» **Work task**: Could you retype exactly the lines below between the one holding "百合亜パイセンを祝う1年生ズ🎀 喜んでます( ̇" and the one holding "In e-file, a", inclusive, leaving out any pictures?

» **Dataset entries**:

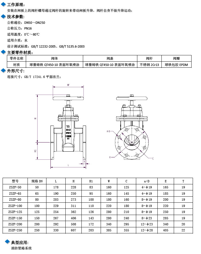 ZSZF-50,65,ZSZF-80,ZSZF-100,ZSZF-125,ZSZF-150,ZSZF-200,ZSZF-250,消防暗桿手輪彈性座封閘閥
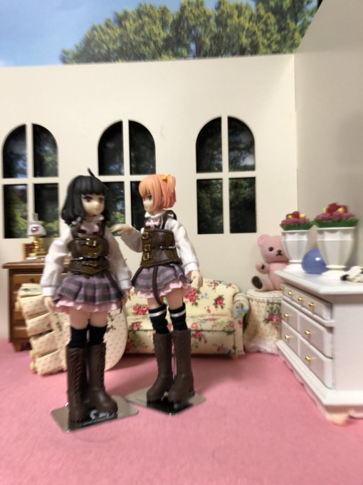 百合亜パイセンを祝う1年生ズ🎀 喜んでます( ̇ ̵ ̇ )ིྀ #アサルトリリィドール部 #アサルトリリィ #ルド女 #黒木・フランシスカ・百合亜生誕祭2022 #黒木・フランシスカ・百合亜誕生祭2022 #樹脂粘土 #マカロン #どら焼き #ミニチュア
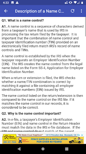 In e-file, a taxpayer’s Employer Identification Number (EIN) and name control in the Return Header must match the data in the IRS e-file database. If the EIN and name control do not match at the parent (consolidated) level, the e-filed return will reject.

==

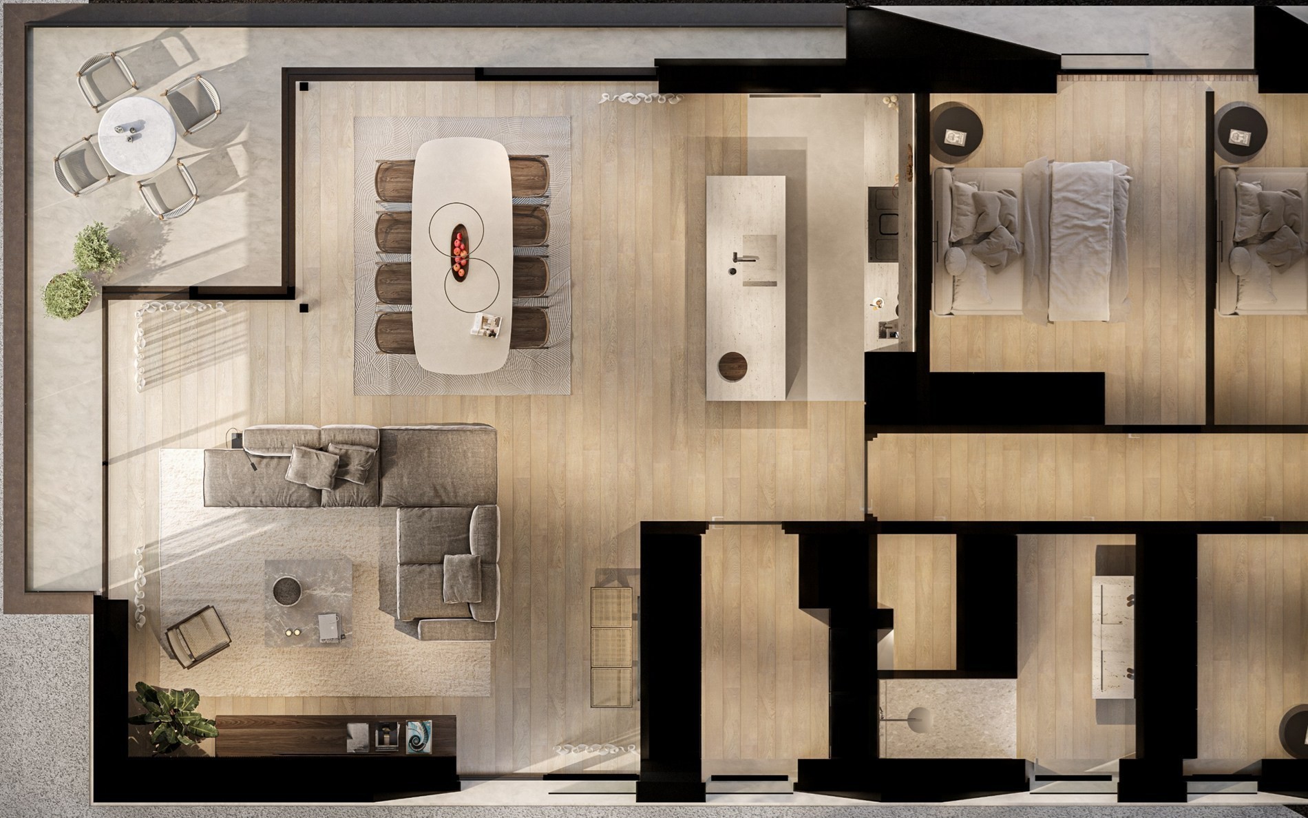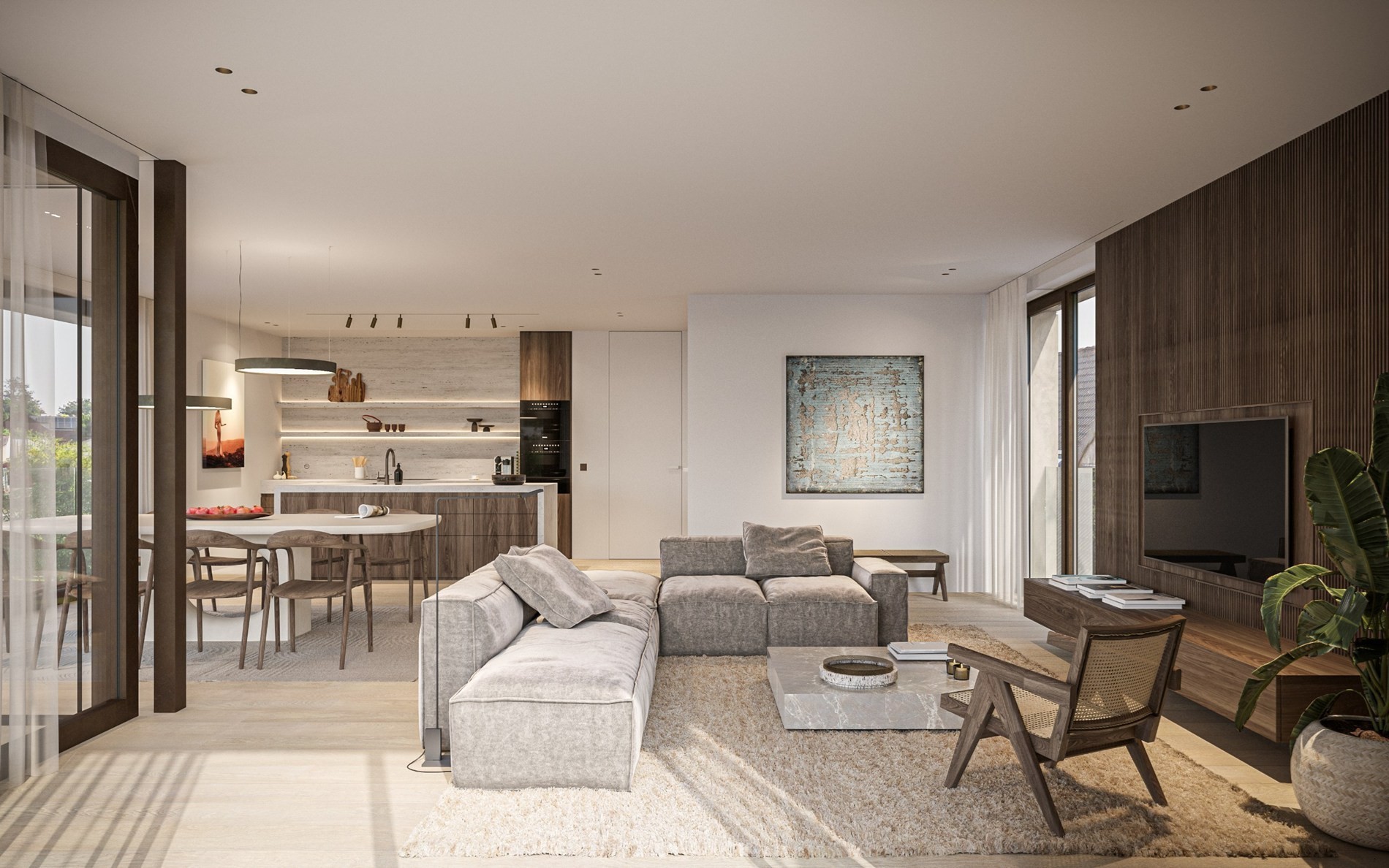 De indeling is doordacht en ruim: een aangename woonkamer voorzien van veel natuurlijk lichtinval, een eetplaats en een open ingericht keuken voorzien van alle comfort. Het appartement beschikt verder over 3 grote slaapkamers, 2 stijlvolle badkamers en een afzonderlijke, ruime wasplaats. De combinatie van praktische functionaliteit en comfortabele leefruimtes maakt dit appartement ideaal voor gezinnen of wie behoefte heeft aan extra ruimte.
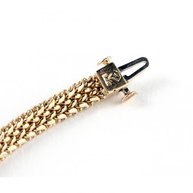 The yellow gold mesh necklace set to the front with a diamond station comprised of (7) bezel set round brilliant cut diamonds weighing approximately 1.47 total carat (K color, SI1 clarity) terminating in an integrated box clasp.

...

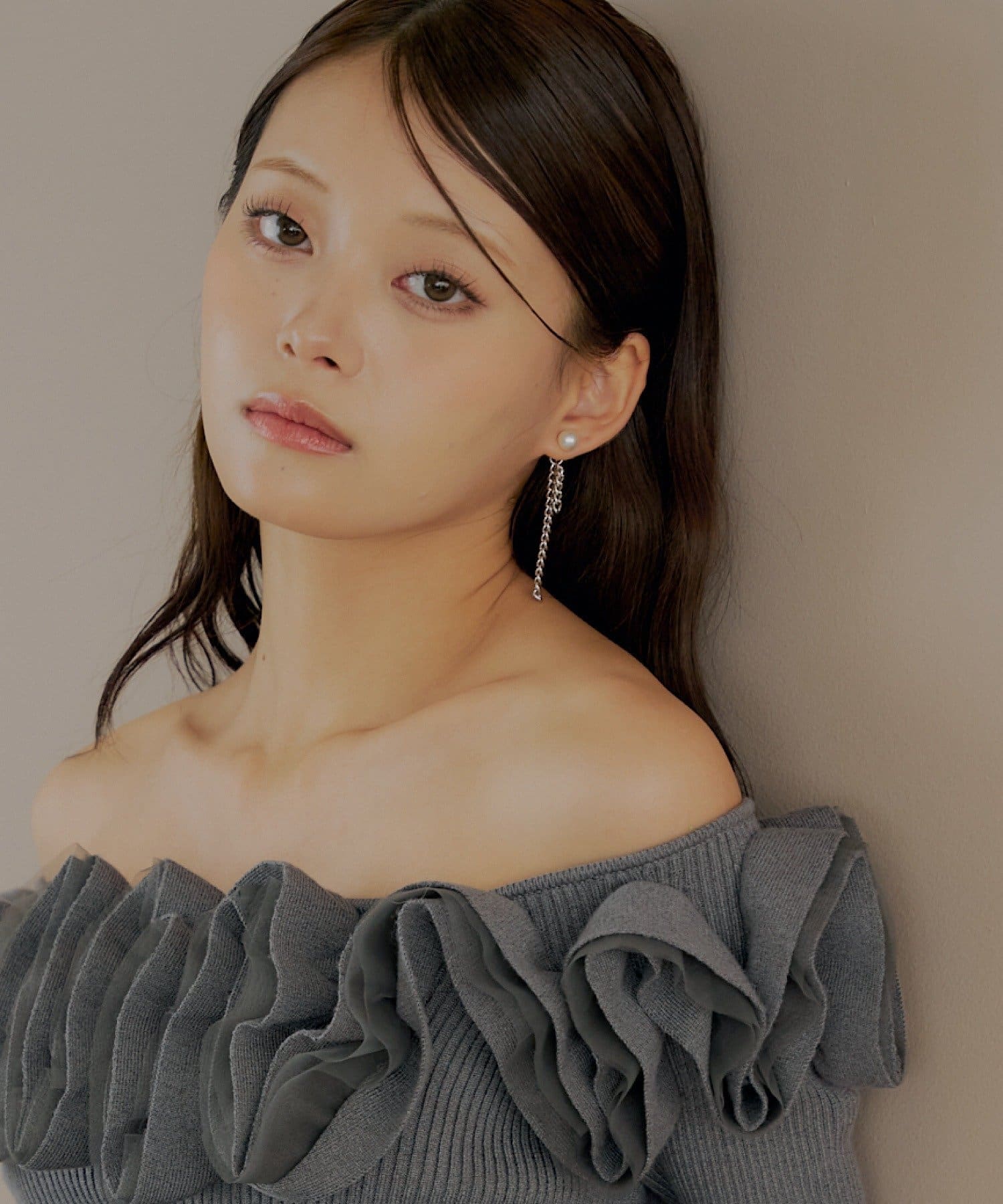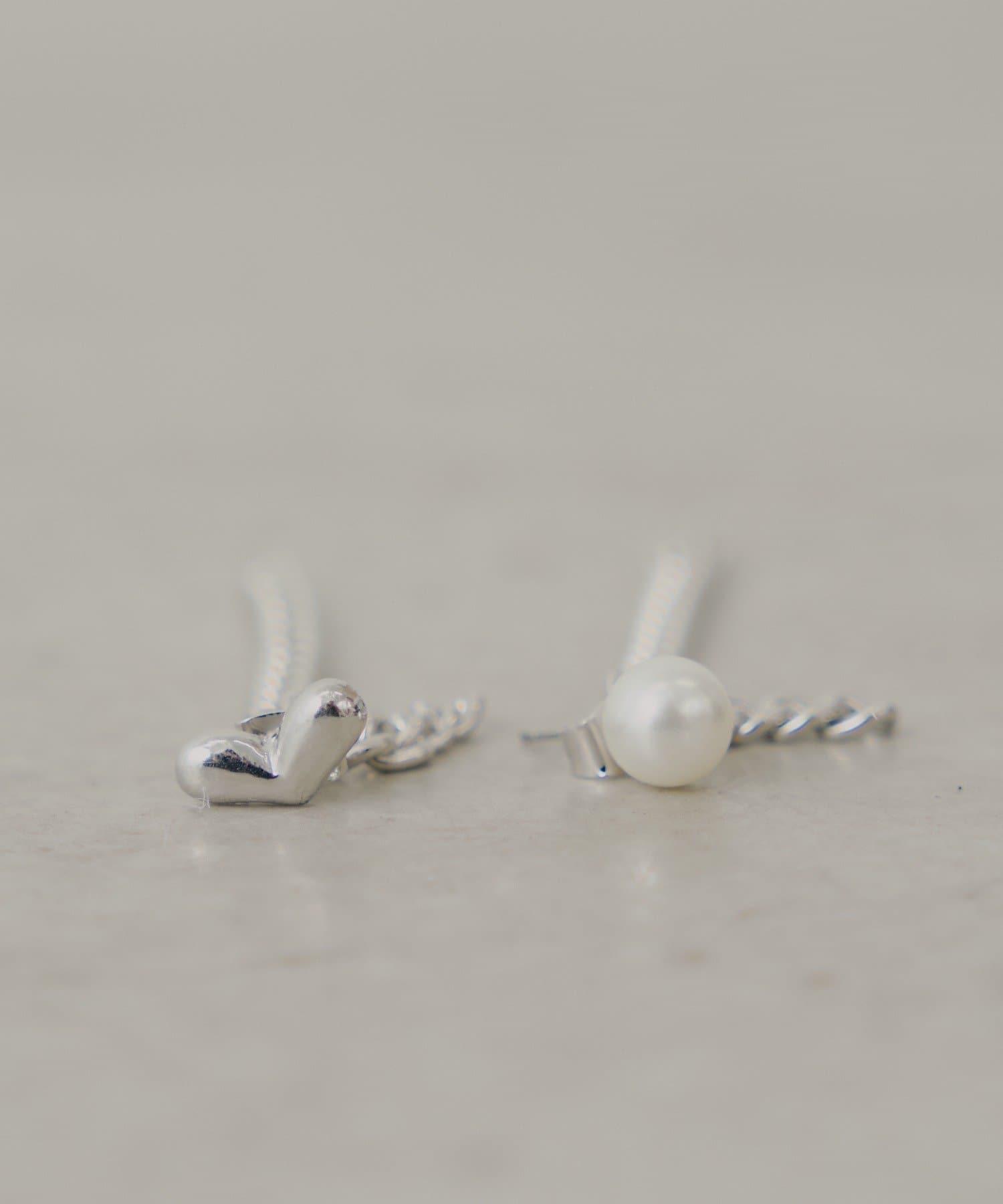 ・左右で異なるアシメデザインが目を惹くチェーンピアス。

» **Output below**:
 百合亜パイセンを祝う1年生ズ🎀 喜んでます( ̇ ̵ ̇ )ིྀ #アサルトリリィドール部 #アサルトリリィ #ルド女 #黒木・フランシスカ・百合亜生誕祭2022 #黒木・フランシスカ・百合亜誕生祭2022 #樹脂粘土 #マカロン #どら焼き #ミニチュア
 In e-file, a taxpayer’s Employer Identification Number (EIN) and name control in the Return Header must match the data in the IRS e-file database. If the EIN and name control do not match at the parent (consolidated) level, the e-filed return will reject.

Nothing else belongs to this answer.